Tip speed, in addition to screen size has a
significant influence on finished particle sizing.
High tip speeds (>18,000 Ft/Min) will always grind
finer and produce more fines than lower tip
speeds. Low tip speeds (<13,000 Ft/Min), on the
other hand, produce a coarser granulation with
fewer fines. As a rule smaller screen hole sizes
should be used with higher tip speeds, and larger
screen hole sizes with lower tip speeds.
Tip speed is simply a factor of mill diameter and
motor RPM and is not easily changed on direct
coupled machines. There are a few V-belt drive
hammermills on the market today.
Tip Speed -Friable Products
For producing a uniform granulation with few fines
on friable products like corn, wheat, grain sorghum,
pelleted ingredients, and solvent extracted meals
an intermediate tip speed is normally desirable.

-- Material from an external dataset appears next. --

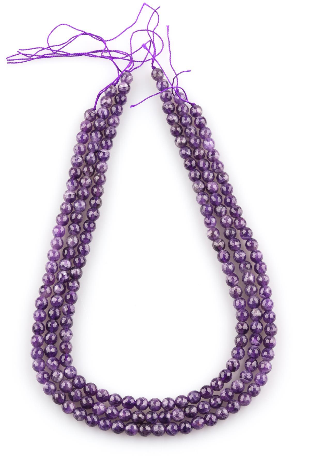 Ametist Doğal Taş Dizi 6 mm Fasetli Küre Kesim

Hammermills with a tip speed of 13,000-18,000
Ft/Min will produce a high quality finished product
with excellent capacity and efficiency. 38" diameter
mills with 1800 RPM motors (17,800 Ft/Min) and
44" mills with 1200 or 1500 RPM motors (13,500
or 17,250 Ft/Min) are both used extensively in
the processing of all kinds of feed ingredients.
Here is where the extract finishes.